#### [Exercise material]
----------

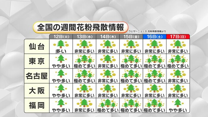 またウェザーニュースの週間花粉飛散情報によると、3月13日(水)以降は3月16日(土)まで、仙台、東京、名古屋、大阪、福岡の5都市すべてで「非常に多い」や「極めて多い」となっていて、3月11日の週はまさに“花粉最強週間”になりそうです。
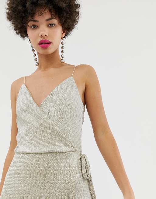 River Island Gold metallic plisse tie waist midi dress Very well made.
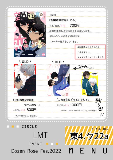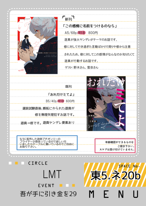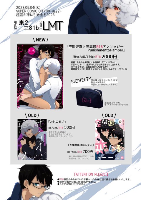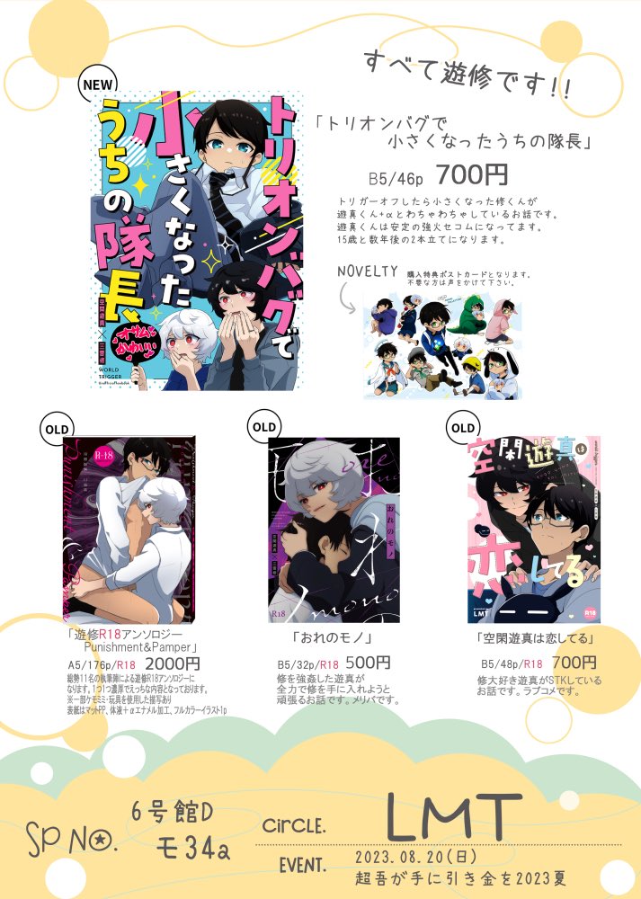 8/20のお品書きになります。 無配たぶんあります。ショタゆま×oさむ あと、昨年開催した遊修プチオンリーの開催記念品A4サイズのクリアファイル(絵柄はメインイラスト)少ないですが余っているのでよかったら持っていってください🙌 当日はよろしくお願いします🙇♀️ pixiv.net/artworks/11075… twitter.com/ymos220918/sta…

----------

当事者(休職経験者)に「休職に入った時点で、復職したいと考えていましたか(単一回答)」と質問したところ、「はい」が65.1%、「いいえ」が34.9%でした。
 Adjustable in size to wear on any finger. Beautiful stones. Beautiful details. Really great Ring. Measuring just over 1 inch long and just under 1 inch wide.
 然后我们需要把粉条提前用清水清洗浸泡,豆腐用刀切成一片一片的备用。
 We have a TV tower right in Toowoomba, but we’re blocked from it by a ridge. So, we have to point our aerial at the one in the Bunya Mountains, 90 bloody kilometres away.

----------

#### [Your task]
Output only an exact transcription of the lines above from the one with "然后我们需要把粉条提前用清水清洗浸泡,豆腐用刀切成一片一片的备用。" up to and including the one with "We have a TV".

#### [Exercise solution]
 然后我们需要把粉条提前用清水清洗浸泡,豆腐用刀切成一片一片的备用。
 We have a TV tower right in Toowoomba, but we’re blocked from it by a ridge. So, we have to point our aerial at the one in the Bunya Mountains, 90 bloody kilometres away.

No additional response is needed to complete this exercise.